__To do__: If a record contains a picture, drop the picture and copy everything else exactly.

[[ Recorded data open ]]

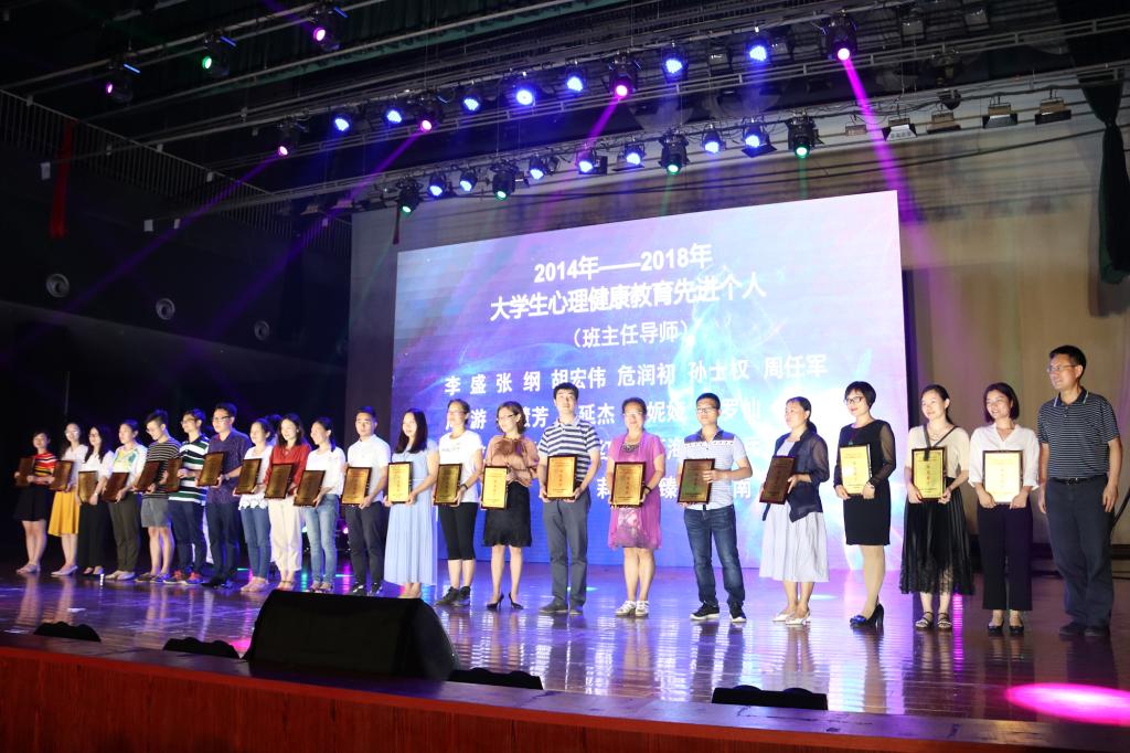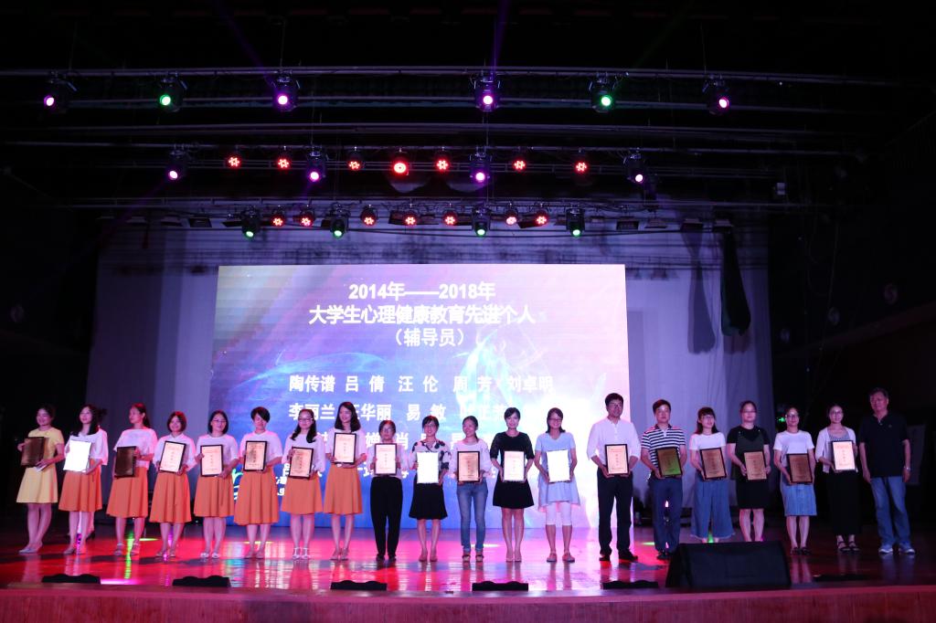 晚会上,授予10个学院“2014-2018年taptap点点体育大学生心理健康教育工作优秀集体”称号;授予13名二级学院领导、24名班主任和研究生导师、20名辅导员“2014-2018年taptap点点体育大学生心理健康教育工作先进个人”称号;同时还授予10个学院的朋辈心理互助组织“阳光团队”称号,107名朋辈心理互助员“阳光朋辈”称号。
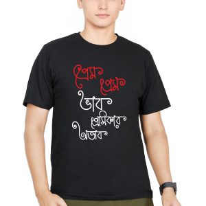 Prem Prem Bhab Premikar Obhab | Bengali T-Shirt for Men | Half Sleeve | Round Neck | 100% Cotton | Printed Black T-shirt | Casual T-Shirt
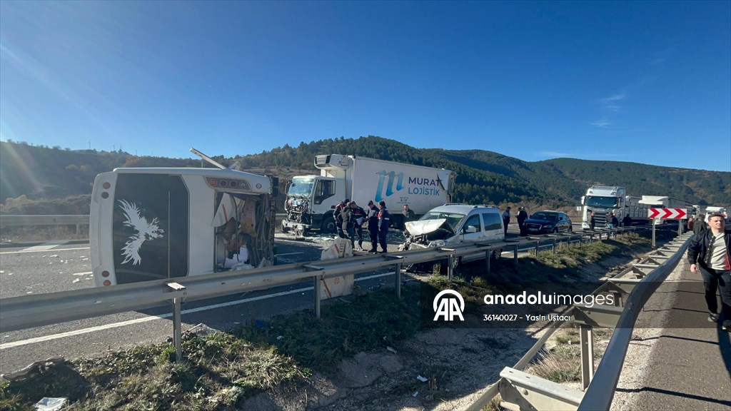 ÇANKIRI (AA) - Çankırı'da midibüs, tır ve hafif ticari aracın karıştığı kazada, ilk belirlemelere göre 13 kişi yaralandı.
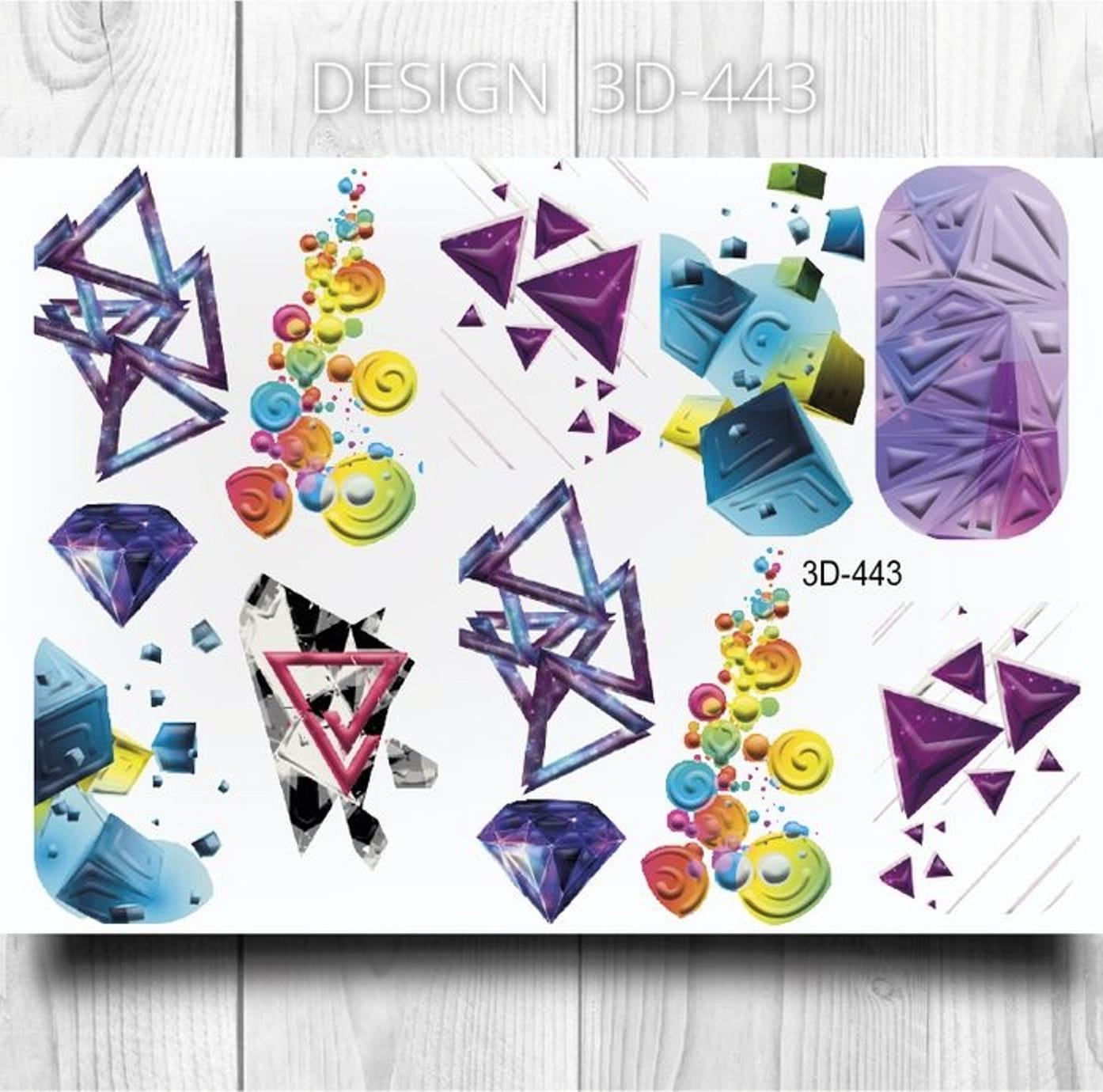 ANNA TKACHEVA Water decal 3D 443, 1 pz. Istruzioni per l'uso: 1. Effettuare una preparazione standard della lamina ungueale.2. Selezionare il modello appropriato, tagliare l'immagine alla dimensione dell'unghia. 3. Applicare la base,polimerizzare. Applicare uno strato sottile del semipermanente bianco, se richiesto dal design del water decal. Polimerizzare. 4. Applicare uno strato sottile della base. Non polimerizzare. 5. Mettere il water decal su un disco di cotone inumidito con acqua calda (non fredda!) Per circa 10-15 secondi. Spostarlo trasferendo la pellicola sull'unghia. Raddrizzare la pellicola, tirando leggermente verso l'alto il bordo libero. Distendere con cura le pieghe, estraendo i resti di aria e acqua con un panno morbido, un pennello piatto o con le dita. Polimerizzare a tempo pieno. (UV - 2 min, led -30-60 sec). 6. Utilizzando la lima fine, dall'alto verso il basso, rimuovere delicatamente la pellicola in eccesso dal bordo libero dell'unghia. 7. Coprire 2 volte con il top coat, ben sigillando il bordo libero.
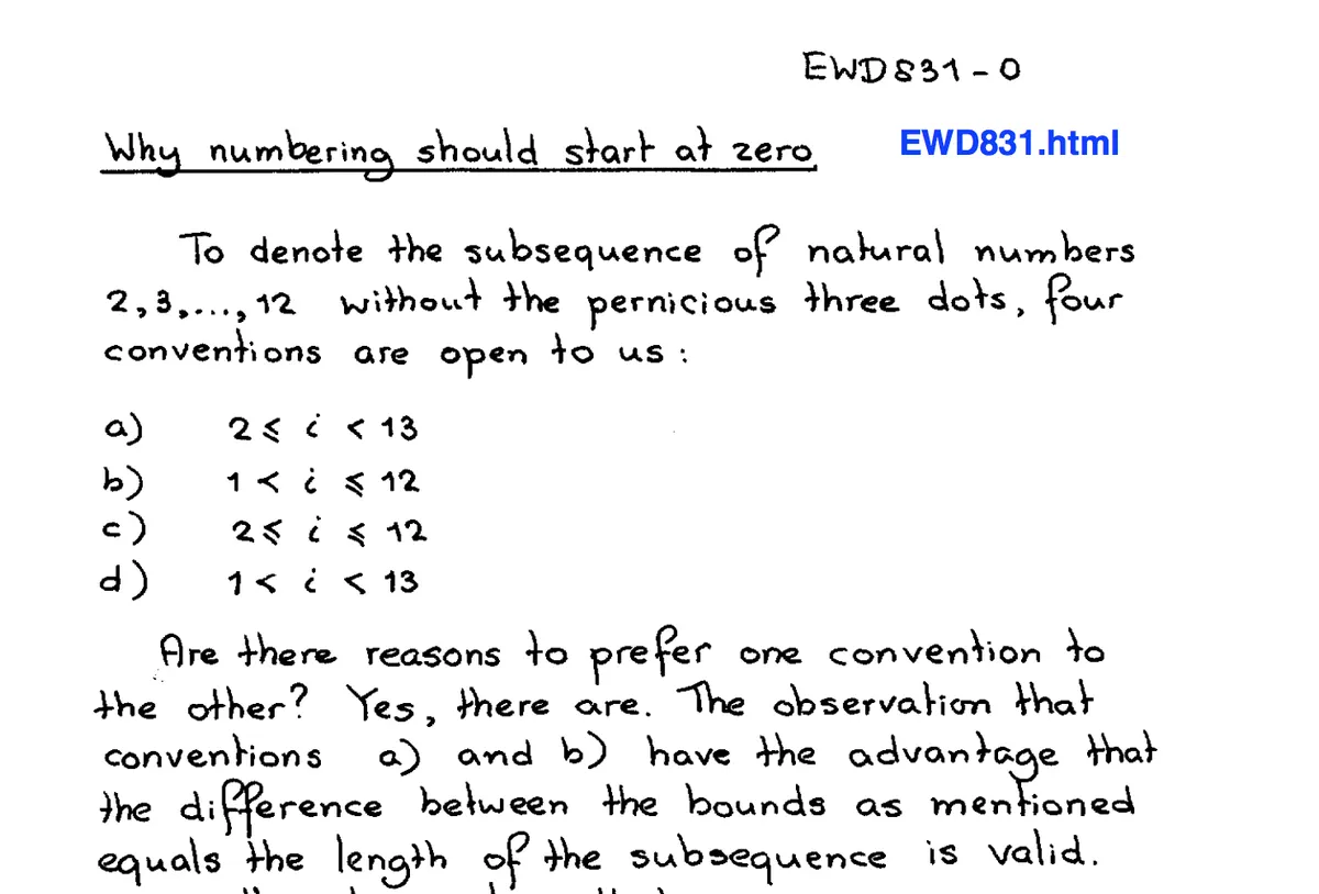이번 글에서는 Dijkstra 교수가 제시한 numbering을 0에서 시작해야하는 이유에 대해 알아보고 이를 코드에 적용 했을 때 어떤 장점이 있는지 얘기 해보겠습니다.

[[ Recorded data closed ]]

__Result below__:
 晚会上,授予10个学院“2014-2018年taptap点点体育大学生心理健康教育工作优秀集体”称号;授予13名二级学院领导、24名班主任和研究生导师、20名辅导员“2014-2018年taptap点点体育大学生心理健康教育工作先进个人”称号;同时还授予10个学院的朋辈心理互助组织“阳光团队”称号,107名朋辈心理互助员“阳光朋辈”称号。
 Prem Prem Bhab Premikar Obhab | Bengali T-Shirt for Men | Half Sleeve | Round Neck | 100% Cotton | Printed Black T-shirt | Casual T-Shirt
 ÇANKIRI (AA) - Çankırı'da midibüs, tır ve hafif ticari aracın karıştığı kazada, ilk belirlemelere göre 13 kişi yaralandı.
 ANNA TKACHEVA Water decal 3D 443, 1 pz. Istruzioni per l'uso: 1. Effettuare una preparazione standard della lamina ungueale.2. Selezionare il modello appropriato, tagliare l'immagine alla dimensione dell'unghia. 3. Applicare la base,polimerizzare. Applicare uno strato sottile del semipermanente bianco, se richiesto dal design del water decal. Polimerizzare. 4. Applicare uno strato sottile della base. Non polimerizzare. 5. Mettere il water decal su un disco di cotone inumidito con acqua calda (non fredda!) Per circa 10-15 secondi. Spostarlo trasferendo la pellicola sull'unghia. Raddrizzare la pellicola, tirando leggermente verso l'alto il bordo libero. Distendere con cura le pieghe, estraendo i resti di aria e acqua con un panno morbido, un pennello piatto o con le dita. Polimerizzare a tempo pieno. (UV - 2 min, led -30-60 sec). 6. Utilizzando la lima fine, dall'alto verso il basso, rimuovere delicatamente la pellicola in eccesso dal bordo libero dell'unghia. 7. Coprire 2 volte con il top coat, ben sigillando il bordo libero.
이번 글에서는 Dijkstra 교수가 제시한 numbering을 0에서 시작해야하는 이유에 대해 알아보고 이를 코드에 적용 했을 때 어떤 장점이 있는지 얘기 해보겠습니다.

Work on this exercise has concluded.